Leadership resilience is a state toward which one is always journeying. Leaders, whether formal or informal, don’t get to arrive and reside in resilience forever. Leadership is complex with its multiple demands, constant change, and ups and downs. Leaders cannot predict what challenges, issues, and random events they will be called on to face, and they need tools and practices to advance resilience. There is always something more to learn and to practice on the journey toward resilience. This book is a commentary on that journey and that practice. It is about how leaders can build what we call appreciative resilience by using appreciative inquiry as they journey through the constantly evolving landscape of hope, despair, and forgiveness.

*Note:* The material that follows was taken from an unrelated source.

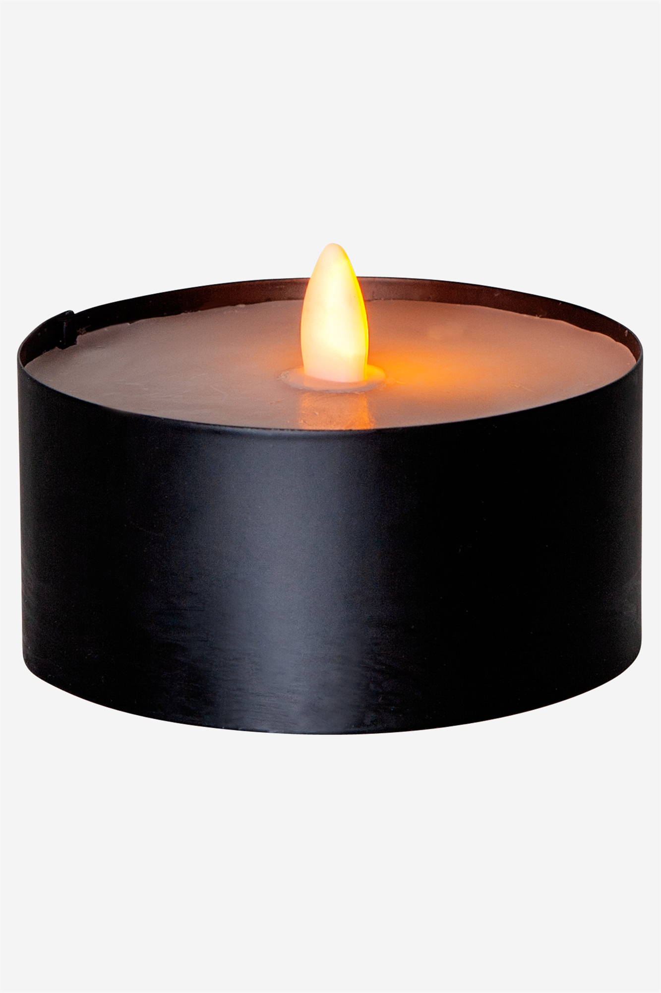 Уличная восковая свеча-факел с черной металлической пластиной. 18 светодиодов создают реалистичное пламя. Модель с таймером. Светильник оснащен функцией таймера. Работает от 3 батареек типа АА (не входят в комплект). Светит около 500 часов до замены батареек. Диаметр свечи составляет 10,5 см, высота - 7 см. Светильник подходит для использования как в помещении, так и на улице.

This dynamic interweaving of appreciative inquiry processes and philosophy with a deep exploration of hope, despair, and forgiveness opens new ways of reflecting on and practicing being a resilient leader. Appreciative resilience aims to sustain leaders as hope blooms, as despair visits, and as forgiveness opens their hearts. In our work, we have come to believe that practicing appreciative resilience in each of these states—hope, despair, and forgiveness—generates leadership resilience over time. This book is a commentary on that belief and an invitation for you to journey with us. In journeying through this commentary, you will find reflective and practical processes to build your own appreciative resilience.
We fully recognize that this commentary presents one idea of how to view and foster resilience. This book is not designed to be the definitive answer to leadership resilience. Rather, it is designed to tell stories that provide insight; offer a useful model for building resilience with appreciative inquiry in times of hope, despair, and forgiveness; engage you in reflection on your own resilience; and offer thoughts on organizational and team resilience. We recognize that leadership resilience is refined in the crucible of leading in the everyday and that leaders forge their own thinking; this is ours.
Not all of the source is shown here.